Unless one is selling crock-pots, “slow” is not usually a term of endearment. Likewise, our in-a-hurry society often overlooks the virtue of a long, deliberate sentence in favor of conciseness. I am guilty of this. When my students get tangled up in the ins and outs of a complex sentence, my first reaction is always, “Simplify! Cut it down. Get to the core of what you are saying.” Marilyn McEntyre, in this chapter, challenges me to respond differently, perhaps by saying, “Slow down! This is clearly an important point for you. Why don’t you pause with it for a moment?” For, as she writes, “Long sentences ask us to dwell in a thought rather than come to the point” (129).

I believe that when McEntyre instructs us to embrace “the long sentence,” she means more than just a thought spanning several lines of text. Instead she uses the long sentence as a stand-in for textual complexity. Her examples — Henry James, William Faulkner, and Mary Oliver — bear this out. When a sentence is particularly long, particularly dense, or both, it forces us as readers to confront the text as text rather than simply to see through it, to ask ourselves why the author has made the choices she has and what that might mean for our interpretation. 

McEntyre writes, “Slowing down, for a contemporary reader, is a countercultural act” (133). Without traveling too far down the road towards technophobia, I do find this call to slow down especially important in the digital age. There is certainly nothing the matter with our society’s total immersion in a sea of information, with constantly-updating news sites and social media feeds. In fact, we are likely reading more now than ever before. Yet this reading is qualitatively different from the sort McEntyre is talking about in this chapter. I read a novel very differently than I read a piece on CNN.com, and a literary novel differently than a young adult novel. And when I venture into a new form or genre, then I must really watch out! After several years reading mostly novels for my graduate study, I recently found myself settling in with a collection of short stories, just for fun. Within a few moments I found that I had to readjust my manner of reading to suit the subtlety and interiority of the short story form rather than the sweeping, wide-angle action of many novels. I had to slow down, to pay attention to the nuances of setting and dialogue that I might breeze by in a longer work. 

This sort of thoughtful reading and reflection is why we “inflict” literary texts upon students. We could teach them to be functionally literate with nothing but corporate memos and refrigerator owner’s manuals, but where then would they learn that reading can be an imaginative process, a dialogue that involves text and self and, in the best case, others? A long sentence, an extended metaphor, a multi-faceted characterization — these promise to be transformative rather than merely informative.

For the Christian the challenge of complex texts promises especially important rewards. Whether it is the meandering prose of Paul, the lengthy invectives of Jonathan Edwards, or the Victorian baroque of Ellen White, difficult spiritual writing forces us to ponder our way through ideas that are not immediately comprehensible, much like our God.
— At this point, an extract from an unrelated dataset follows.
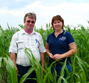 А. В. Шиков и Л. В. Якимова на поле кукурузы
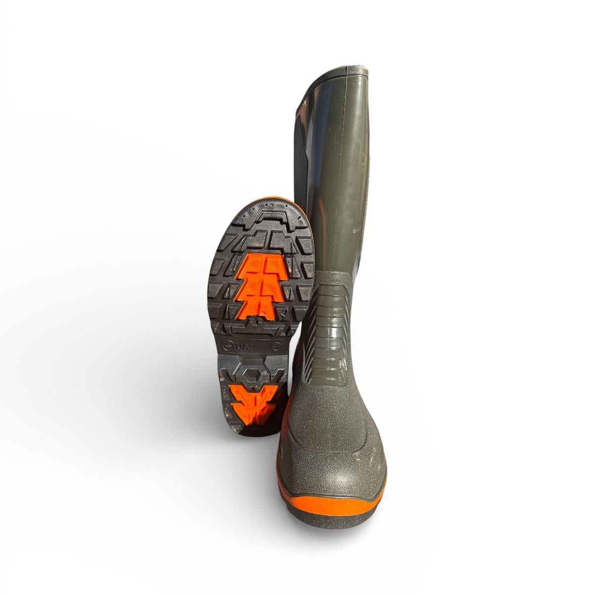 Модель выполнена в практичной трёхцветной расцветке (хаки/оранжевый/черный), сапог - хаки-337, вставки на сапоге и подошве - оранжевый-911, подошва - черный-201. Сапоги удобные и практичны.

The truth of God’s character and the rich complexity of Christian theology cannot be condensed into Twitter-appropriate chunks of text. Instead, ideas like the Trinity and the atonement call for unhurried contemplation. The long sentence invites us into conversation with a work rather than simply insisting that we absorb its contents. This is a lesson that Christians, especially, could take to heart in our relations with each other. Loving the long sentence requires a sympathetic kind of reading, one in which we practice patience, assume good intentions, and expect an eventual payoff. Would that we could learn to read each other with similar charity.

For discussion:

  1. Can you think of a time when you were faced with a text that forced you—whether because of length or complexity or some other factor—to slow down and read differently? What sort of reward did you find in that reading?
  2. Do complex texts play a role in your spiritual life? Have they changed the way you think about questions of faith?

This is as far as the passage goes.